The Right Approach to Exceptions

Jonathan M Davis jmdavisProg at gmx.com
Sat Feb 18 16:24:11 PST 2012


On Saturday, February 18, 2012 18:09:30 Andrei Alexandrescu wrote:
> Of course I can. They call it toString(). The code above pretty much
> proves my point with so much wonderful irony.

How?!! toString doesn't help _at all_. It just gives whatever getopt can come 
up with, not what's appropriate for your program. And right now, since there's 
no GetOptException, you just end up with a ConvException, so you don't even 
get a semi-decent toString. You have _no idea_ what flag had the error. The 
best that you can do is print out that _something_ went wrong, not _what_. And 
if you want to do fancier handling (_especially_ if you want recover from an 
exception rather than just print a message), you need _far_ more than 
toString. Maybe I want to look at the flag that you gave me which was invalid 
and then suggest what you might have meant.
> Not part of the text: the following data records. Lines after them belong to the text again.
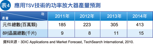 虽然仅有少数的资料探讨到3D堆叠在功率放大器上,但从2009年起,使用TSV技术来制造功率放大器的应用已有其市场,主要还是在8寸的晶圆尺寸上,由于应用面比较广,从2010年至2014年,产能将会大幅提升,表4即为使用TSV于功率放大器的应用预测。
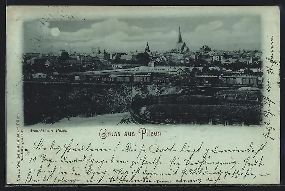 Mondschein-AK Pilsen, Panorama mit Kirche
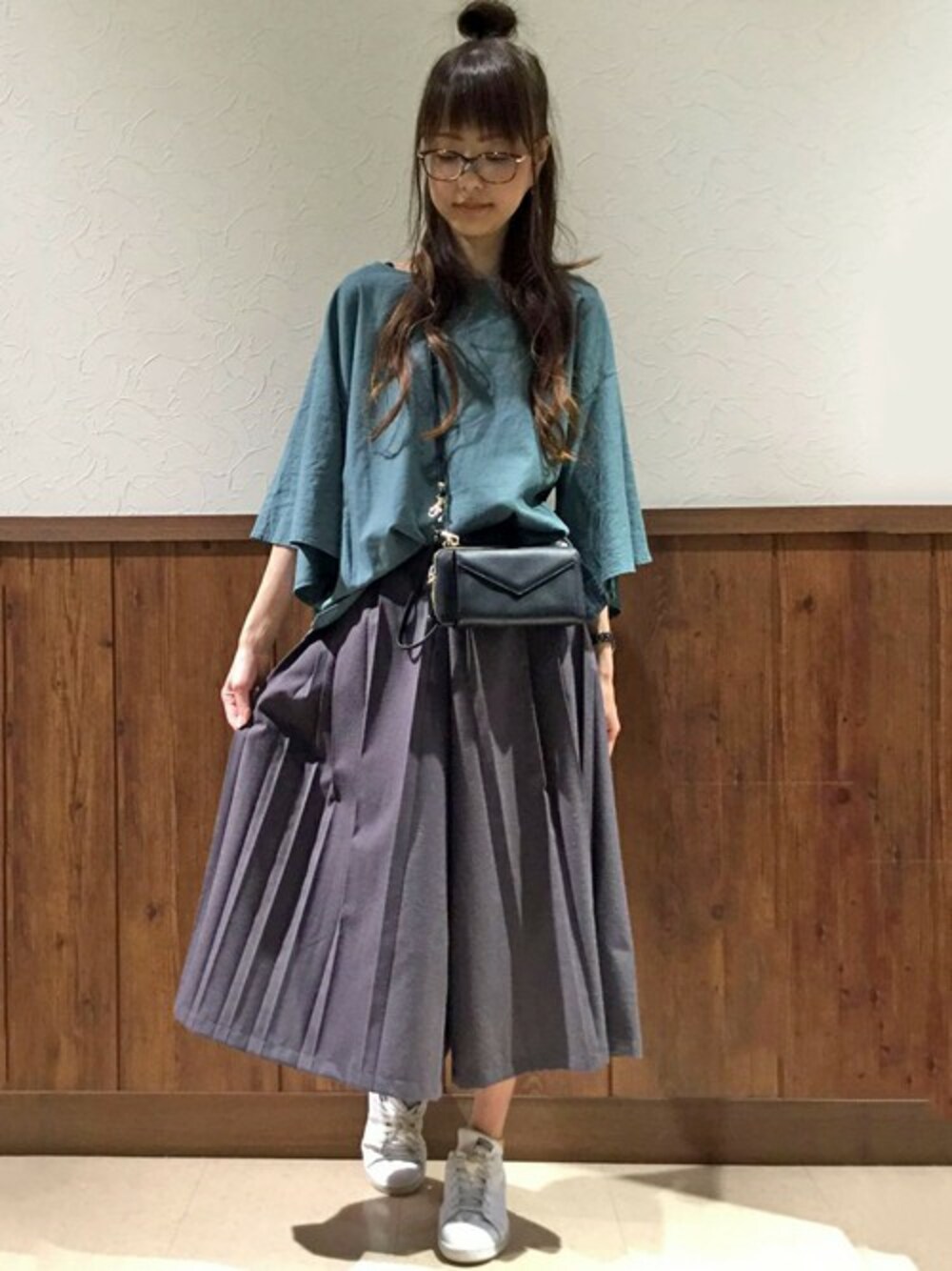 袖フレアブラウスを使ったコーディネート。 スカウチョと合わせふんわり緩やかなスタイリングにしてみました♪ スニーカーでカジュアルさをプラスしてお出かけにもオススメです。

Without _at least_ knowing what 
the flag was that you used (which I can't do with the current getopt), I can't 
do that.

How could you do something even close to my example with getopt as it is now?
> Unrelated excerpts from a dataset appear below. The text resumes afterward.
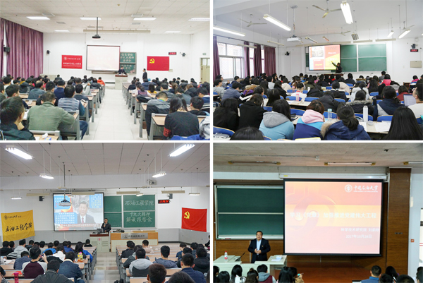 各院级单位党组织积极举办十九大精神主题辅导报告会,让十九大精神在师生中入脑入心。化学工程学院联合机械与储运工程学院等单位,理学院联合体育教学部分别邀请校外专家作了题为“不忘初心的新时代”、“新时代的政治宣言和新征程的行动纲领”的辅导报告。外国语学院、石油工程学院、地球物理与信息工程学院邀请学校学习宣传贯彻党的十九大精神宣讲团成员、马克思主义学院教师吴建伟、张冠军、杨晓锋分别作了题为“新时代 新目标 新征程——中国特色社会主义的最新战略蓝图”“新时代中国共产党的新使命、新工程——中共十九大报告解读”“法治中国在前行——十九大精神解读”的宣讲报告。科学技术研究院党委书记刘韵秋、党委副书记孙净宇面向入党积极分子分别作了题为“学习新党章,加强推进党的建设伟大工程”、“端正入党动机,明确入党目的”的专题讲座,将党的十九大精神和《中国共产党章程(修正案)》相关内容融入到课程中。
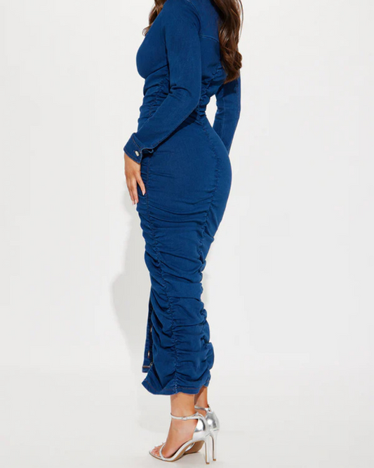 Stretch Denim Chest Wrap Sexy Pleated V-Neck Denim Dress
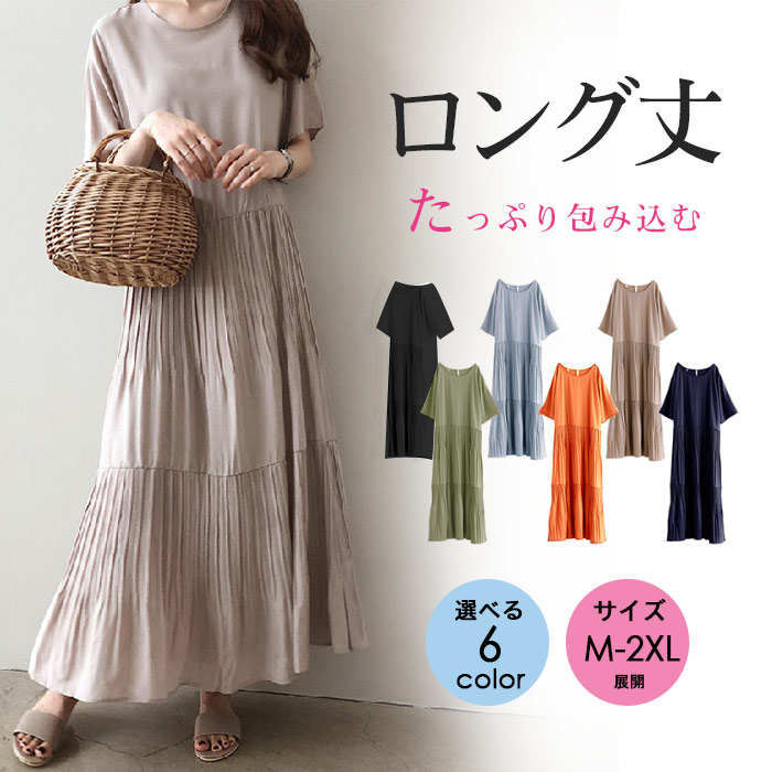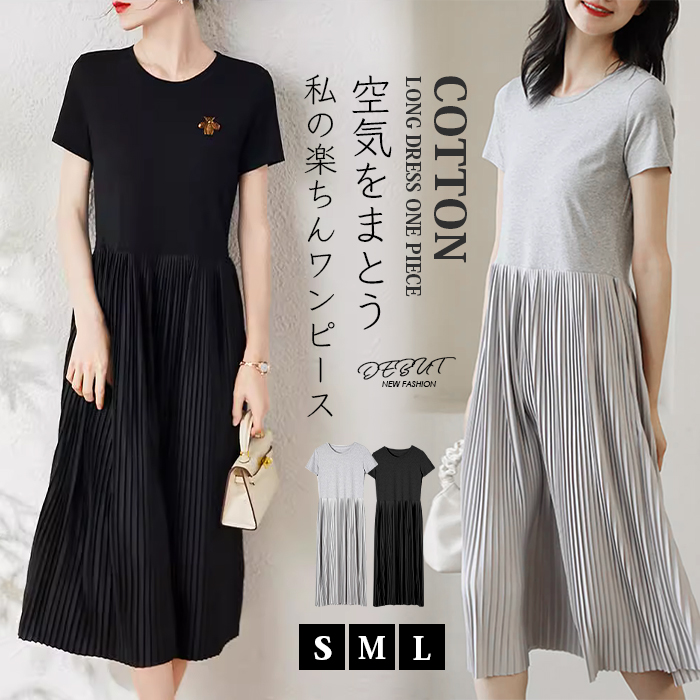 ワンピース ロングワンピース ミディアム丈 膝下 体型カバー 半袖 ファッション ゆったり ブラック お出かけ 披露宴 二次会
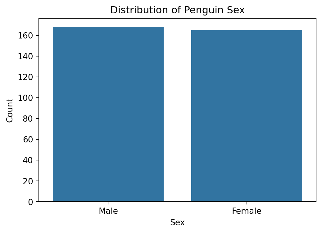# 성별 분포 막대 그래프plt.figure(figsize=(6,4))sns.countplot(data=df, x="sex")plt.title("Distribution of Penguin Sex")plt.xlabel("Sex")plt.ylabel("Count")plt.show()
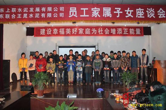 元月11日,山东上联水泥发展有限公司与山东联合王晁水泥有限公司共同召开“建设幸福美好家庭为社会增添正能量”为主题的员工家属子女座谈会,180多名员工代表、家属及其子女欢聚一堂,畅谈美好生活,表演文艺节目,总经理黄五湖给34名品学兼优的在校员工子女每人发放200元的奖励和学习用品。(黄振)
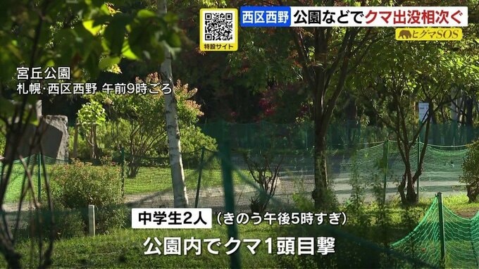 2日夕方から夜にかけて、札幌市西区の公園などでクマの出没が相次ぎ、警察や市が警戒を強めています。
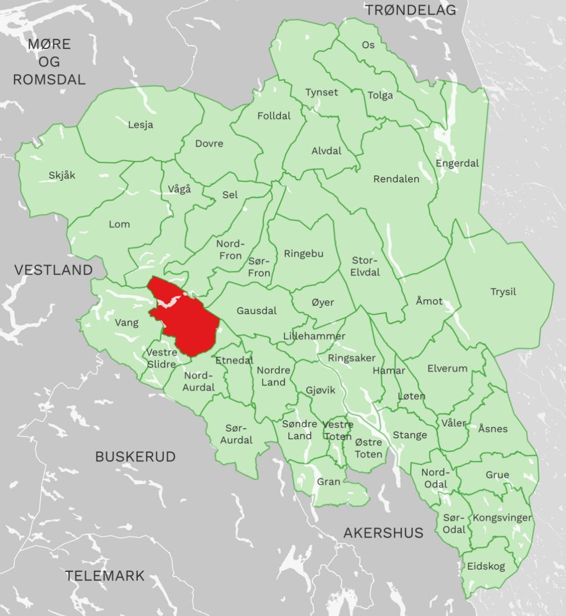 📌 Plassering av Øystre Slidreåne
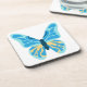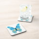 This set of coasters is decorated with a sweet butterfly graphic in hues inspired by the beach. This unique image may be edited to change all of the colours to suit your style.

Perhaps getopt is not the best example, because it's likely to end up with you 
giving an error to the user regardless. But other exception handling wouldn't 
necessarily involve the user at all. The primary issue is giving the program 
the information that it needs to actually handle and potentially recover from 
the exception. A string doesn't do that. Giving the exception a specific type 
according to what went wrong and additional member variables with information 
on what went wrong _can_ do that.

What if something goes wrong when processing a file? Did something go wrong 
with the file operations or in processing the information? A FileException vs 
another exception type (e.g. UTFException or ParseException) would tell you 
that. And if you want to recover from the exception and continue processing 
the file, knowing what type of ParseException it was could help you do that by 
giving you the information that you need to continue - which could vary quite 
a bit depending on what went wrong.

This gets even more critical the larger your program is. The farther you get 
away from the code that threw the exception, the more worthless a generic 
exception type is (be it Exception or even something somewhat more specific 
like FileException), and the program can't really handle it. It's forced to 
either ignore it (possibly logging something), retry what it's trying to do, 
or give up on what it's trying to do. In general, handling the exceptions 
closer to their source is better, which helps, but that's not always possible.

Even a slightly more advanced exception hierarchy (e.g. having GetOptException 
with a flag, even if you don't actually derive any other exception types from 
it) would be an improvement over what we have now.